--- Data for this exercise ---

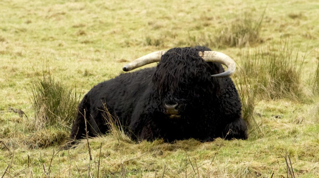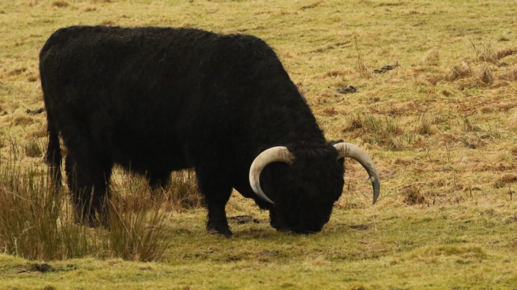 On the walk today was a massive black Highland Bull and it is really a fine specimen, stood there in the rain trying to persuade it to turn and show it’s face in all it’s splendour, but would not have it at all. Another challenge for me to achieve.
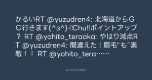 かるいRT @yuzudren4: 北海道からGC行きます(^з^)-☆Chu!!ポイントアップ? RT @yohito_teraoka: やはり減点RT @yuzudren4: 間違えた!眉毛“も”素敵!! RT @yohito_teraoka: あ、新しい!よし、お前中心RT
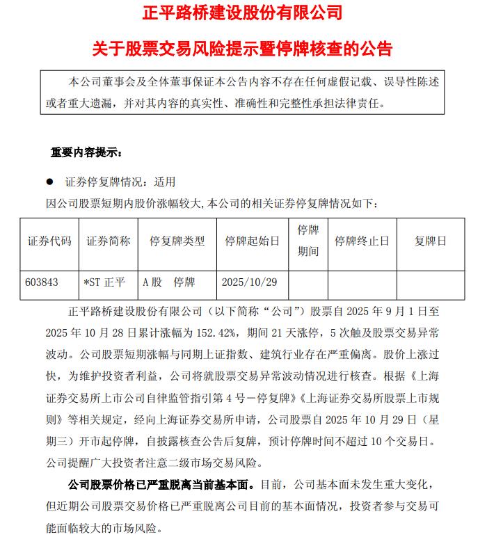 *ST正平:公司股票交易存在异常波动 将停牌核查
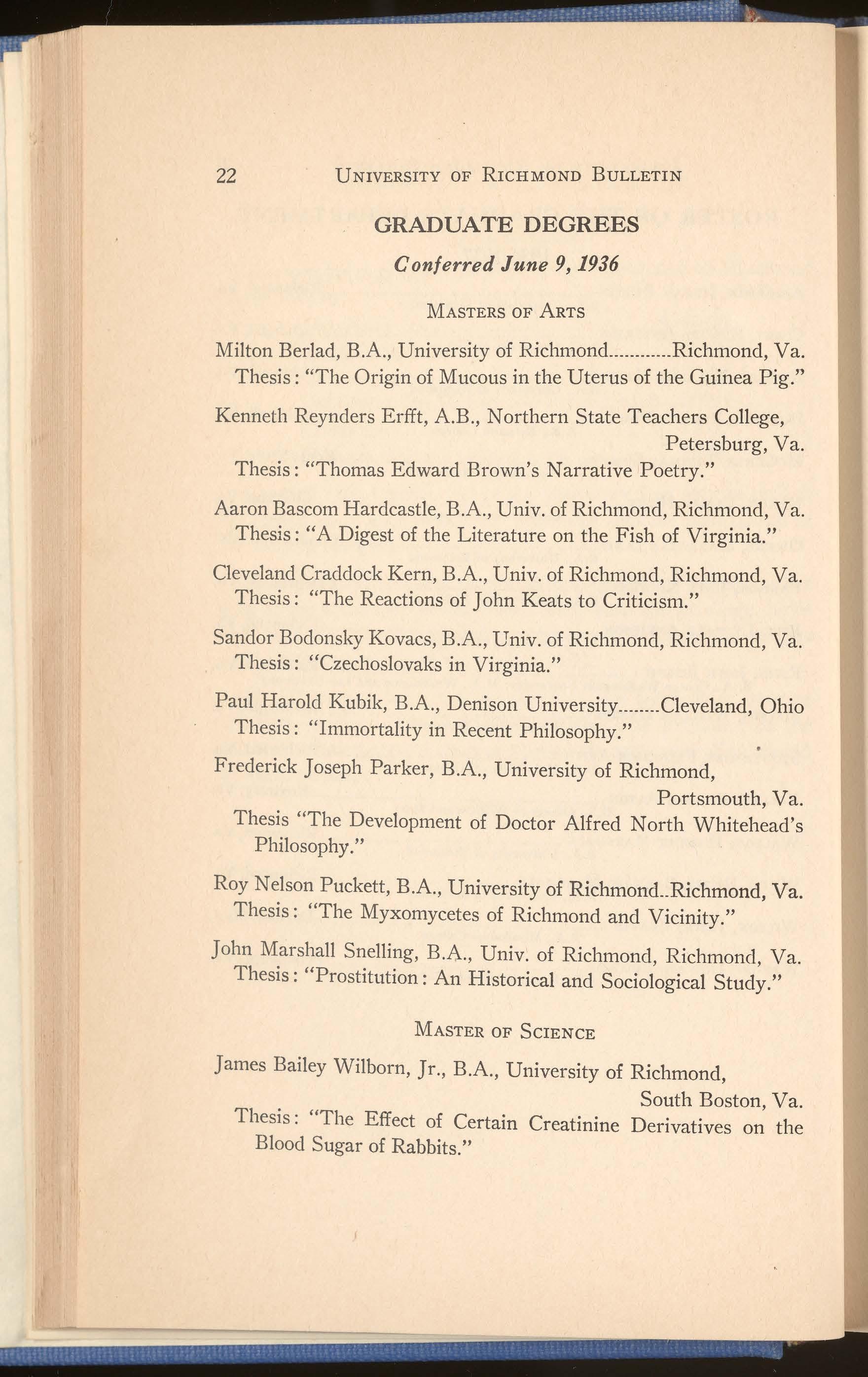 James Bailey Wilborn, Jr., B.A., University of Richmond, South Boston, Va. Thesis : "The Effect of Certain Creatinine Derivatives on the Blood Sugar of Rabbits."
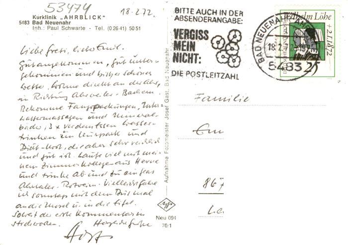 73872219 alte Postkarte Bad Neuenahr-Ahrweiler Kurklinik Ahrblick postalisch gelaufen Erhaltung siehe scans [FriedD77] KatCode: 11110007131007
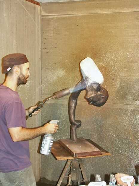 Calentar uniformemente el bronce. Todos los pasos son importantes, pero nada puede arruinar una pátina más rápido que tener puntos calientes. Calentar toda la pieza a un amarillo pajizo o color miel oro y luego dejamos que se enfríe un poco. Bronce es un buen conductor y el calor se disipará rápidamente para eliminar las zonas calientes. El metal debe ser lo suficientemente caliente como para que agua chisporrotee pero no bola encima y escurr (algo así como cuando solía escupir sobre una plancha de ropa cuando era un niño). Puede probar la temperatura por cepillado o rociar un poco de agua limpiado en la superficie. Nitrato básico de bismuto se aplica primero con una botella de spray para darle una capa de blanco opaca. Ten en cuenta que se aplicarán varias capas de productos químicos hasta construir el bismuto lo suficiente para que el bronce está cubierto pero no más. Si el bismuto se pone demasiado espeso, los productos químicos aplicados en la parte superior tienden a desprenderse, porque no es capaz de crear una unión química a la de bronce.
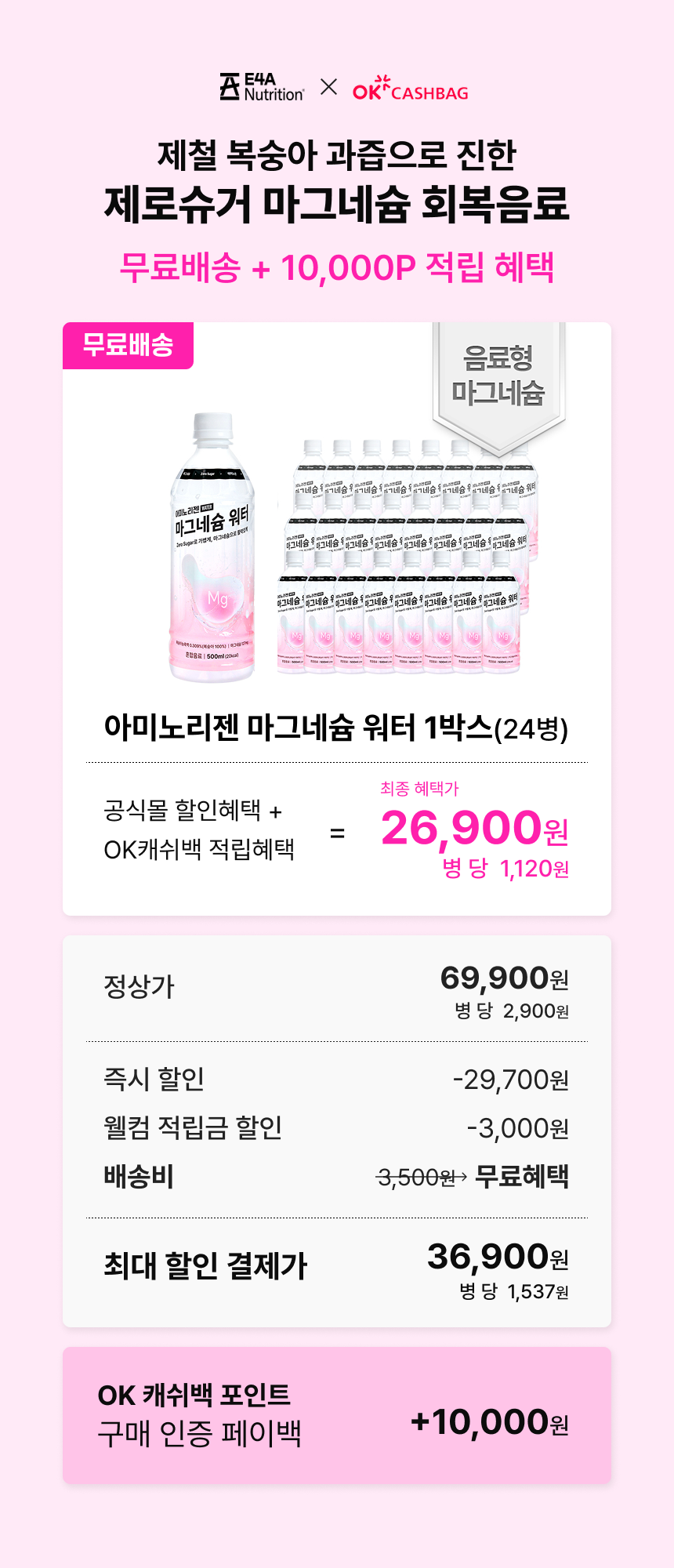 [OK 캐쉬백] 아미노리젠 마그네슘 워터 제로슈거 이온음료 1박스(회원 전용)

---

→ Work order:
Print every line of the data exactly. Pictures do not belong in the copy.

→ Answer for this exercise:
 On the walk today was a massive black Highland Bull and it is really a fine specimen, stood there in the rain trying to persuade it to turn and show it’s face in all it’s splendour, but would not have it at all. Another challenge for me to achieve.
 かるいRT @yuzudren4: 北海道からGC行きます(^з^)-☆Chu!!ポイントアップ? RT @yohito_teraoka: やはり減点RT @yuzudren4: 間違えた!眉毛“も”素敵!! RT @yohito_teraoka: あ、新しい!よし、お前中心RT
 *ST正平:公司股票交易存在异常波动 将停牌核查
 James Bailey Wilborn, Jr., B.A., University of Richmond, South Boston, Va. Thesis : "The Effect of Certain Creatinine Derivatives on the Blood Sugar of Rabbits."
 73872219 alte Postkarte Bad Neuenahr-Ahrweiler Kurklinik Ahrblick postalisch gelaufen Erhaltung siehe scans [FriedD77] KatCode: 11110007131007
 Calentar uniformemente el bronce. Todos los pasos son importantes, pero nada puede arruinar una pátina más rápido que tener puntos calientes. Calentar toda la pieza a un amarillo pajizo o color miel oro y luego dejamos que se enfríe un poco. Bronce es un buen conductor y el calor se disipará rápidamente para eliminar las zonas calientes. El metal debe ser lo suficientemente caliente como para que agua chisporrotee pero no bola encima y escurr (algo así como cuando solía escupir sobre una plancha de ropa cuando era un niño). Puede probar la temperatura por cepillado o rociar un poco de agua limpiado en la superficie. Nitrato básico de bismuto se aplica primero con una botella de spray para darle una capa de blanco opaca. Ten en cuenta que se aplicarán varias capas de productos químicos hasta construir el bismuto lo suficiente para que el bronce está cubierto pero no más. Si el bismuto se pone demasiado espeso, los productos químicos aplicados en la parte superior tienden a desprenderse, porque no es capaz de crear una unión química a la de bronce.
 [OK 캐쉬백] 아미노리젠 마그네슘 워터 제로슈거 이온음료 1박스(회원 전용)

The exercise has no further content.